Does any body know how to make a 27 turn motor faster????


----------



## Razoo (Jan 15, 2004)

Put a 19 turn arm in it :jest:


----------



## hankster (Jan 1, 1998)

http://www.hobbytalk.com/modules.php?op=modload&name=Sections&file=index&req=listarticles&secid=3


----------



## Max (Oct 11, 2003)

Any special Tuning Tips that you can do to a stock trinity monster horsepower?


----------



## B4pimp (Sep 2, 2004)

Put A Little Hold In The Brushes.but Remeber Just A Little Hole And It Will Pull More Amps.SHHHHHHH!!!!


----------



## hankster (Jan 1, 1998)

Tips ---> http://www.hobbytalk.com/modules.php?op=modload&name=Sections&file=index&req=listarticles&secid=3


----------



## pepe (Sep 29, 2001)

Try this site it has great tuning info, http://www.motortuningsecrets.com/


----------



## me21 (Nov 7, 2003)

hankster said:


> Tips ---> BJ'S Answer: Neat, tight windings are always good. You might check to see how the comm tabs line up down the center of the stacks. Looking at the arm with the comm up, the tab should be dead center or slightly to the left. This would be zero or slightly advanced. If it's to the right, it will run retarded. I know it has a comm lock but there are tolerances. Trust me. ]

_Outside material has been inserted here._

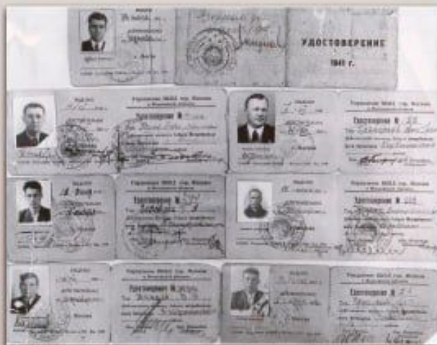
Фотографии удостоверений бойцов истребительных батальонов

15 ноября 1941 года по приказу командующего войсками Московского военного округа, 2 отдельная бригада московских рабочих была переформирована в 5 Московскую стрелковую дивизию.

You say this in your black book? Ok call me stupid but what are you exactly looking for, If i am looking at the comm, the slots in the comm do i want them left or right?


----------



## EddieO (Sep 19, 2003)

Straight up is neutral, to the left is advanced....to the right is retarded


This is if you are looking at the comm straight ahead....

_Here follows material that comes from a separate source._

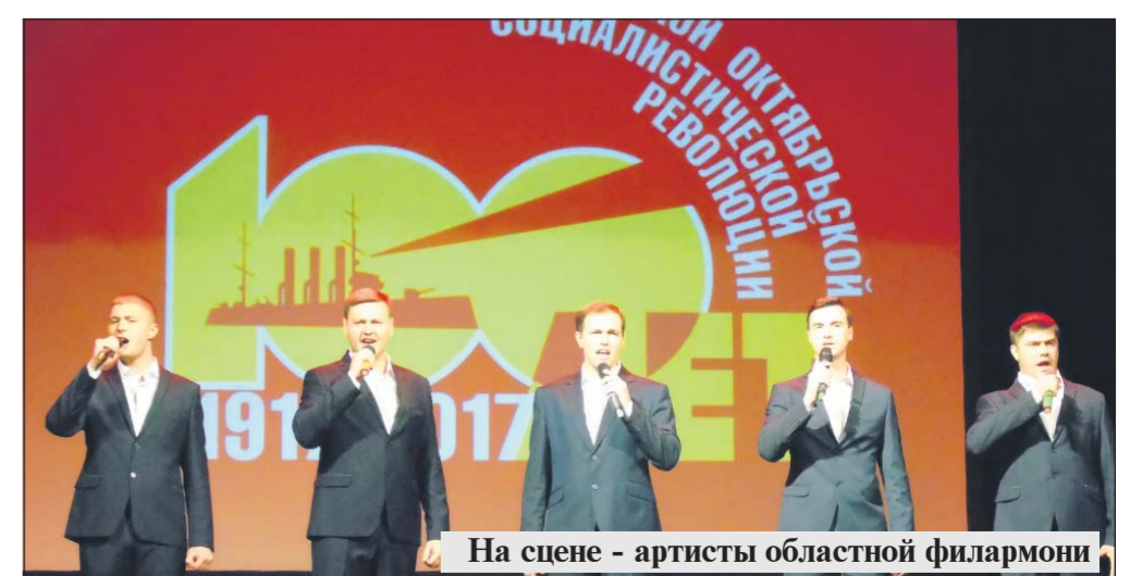
На сцене - артисты областной филармонии

You can email me at [email protected] and I will send you a sketch.

Later EddieO


----------



## Max (Oct 11, 2003)

Does anybody know where to buy the Warpspeed Demon chassis for the TC3?


----------



## Max (Oct 11, 2003)

How about the BMI chassis???


----------



## Max (Oct 11, 2003)

Does Any body have any tracks for realraceG2 that I can Download?


----------